(TASK TO COMPLETE) When you copy the data that follows, reproduce every word exactly and leave out the images.

(DATA SEGMENT)
################

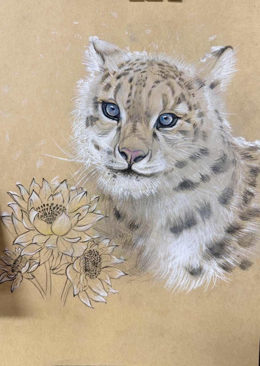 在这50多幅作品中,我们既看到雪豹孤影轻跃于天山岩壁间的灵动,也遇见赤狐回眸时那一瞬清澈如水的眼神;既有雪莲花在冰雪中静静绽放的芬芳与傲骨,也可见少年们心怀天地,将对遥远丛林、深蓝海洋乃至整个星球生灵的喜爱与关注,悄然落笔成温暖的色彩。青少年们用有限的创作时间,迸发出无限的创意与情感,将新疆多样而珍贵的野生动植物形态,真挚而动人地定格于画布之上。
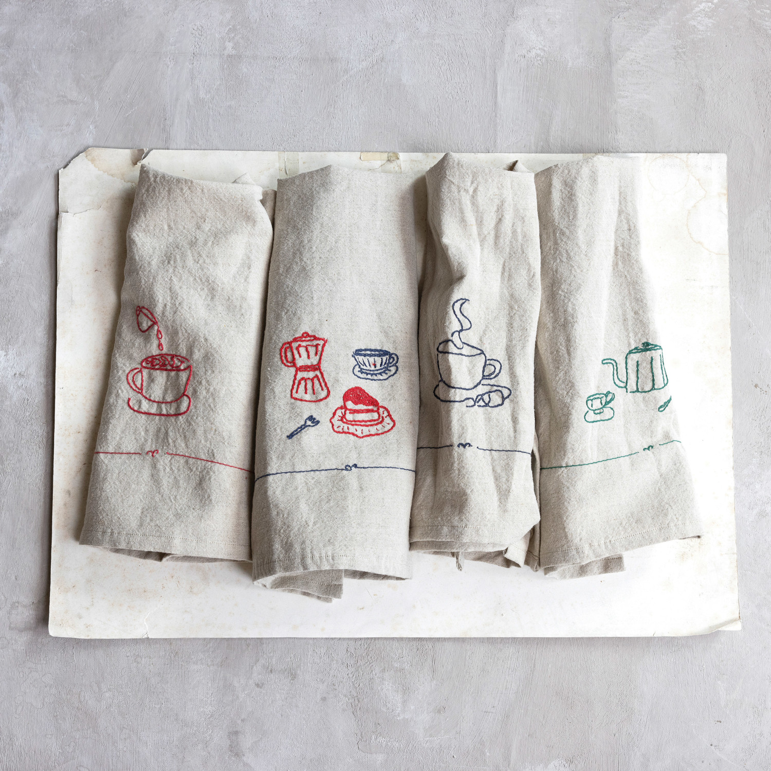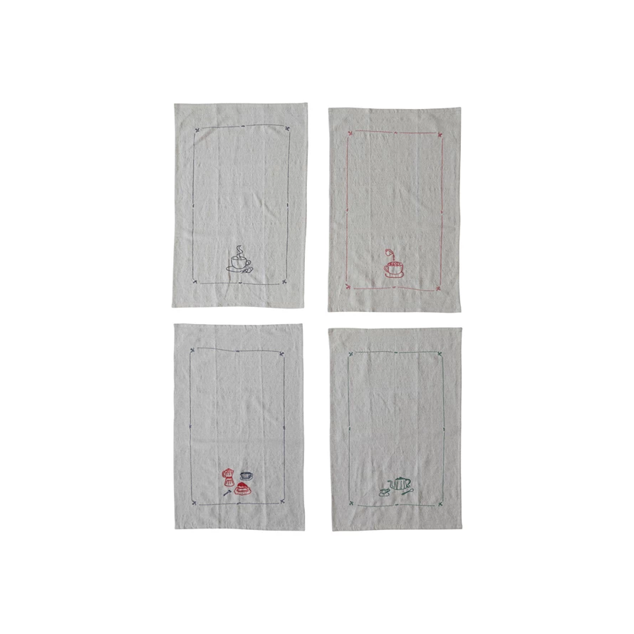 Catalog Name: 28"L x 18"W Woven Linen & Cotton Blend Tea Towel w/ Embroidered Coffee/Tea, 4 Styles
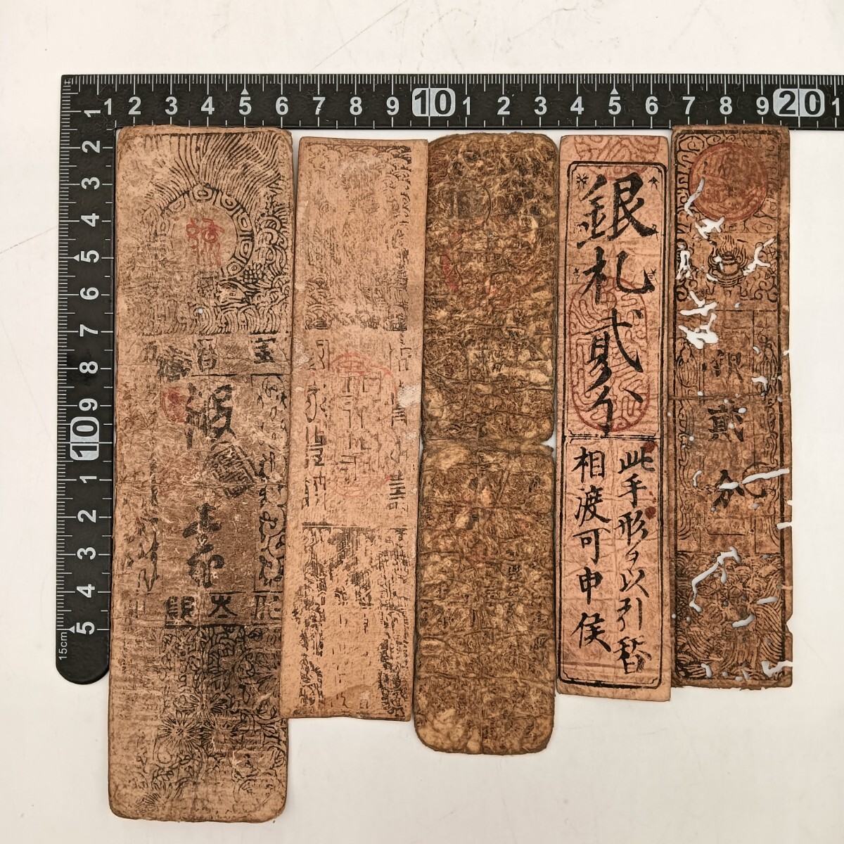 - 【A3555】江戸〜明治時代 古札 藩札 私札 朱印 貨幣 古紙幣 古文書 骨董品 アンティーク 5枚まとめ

################

(TASK OUTPUT)
 在这50多幅作品中,我们既看到雪豹孤影轻跃于天山岩壁间的灵动,也遇见赤狐回眸时那一瞬清澈如水的眼神;既有雪莲花在冰雪中静静绽放的芬芳与傲骨,也可见少年们心怀天地,将对遥远丛林、深蓝海洋乃至整个星球生灵的喜爱与关注,悄然落笔成温暖的色彩。青少年们用有限的创作时间,迸发出无限的创意与情感,将新疆多样而珍贵的野生动植物形态,真挚而动人地定格于画布之上。
 Catalog Name: 28"L x 18"W Woven Linen & Cotton Blend Tea Towel w/ Embroidered Coffee/Tea, 4 Styles
 - 【A3555】江戸〜明治時代 古札 藩札 私札 朱印 貨幣 古紙幣 古文書 骨董品 アンティーク 5枚まとめ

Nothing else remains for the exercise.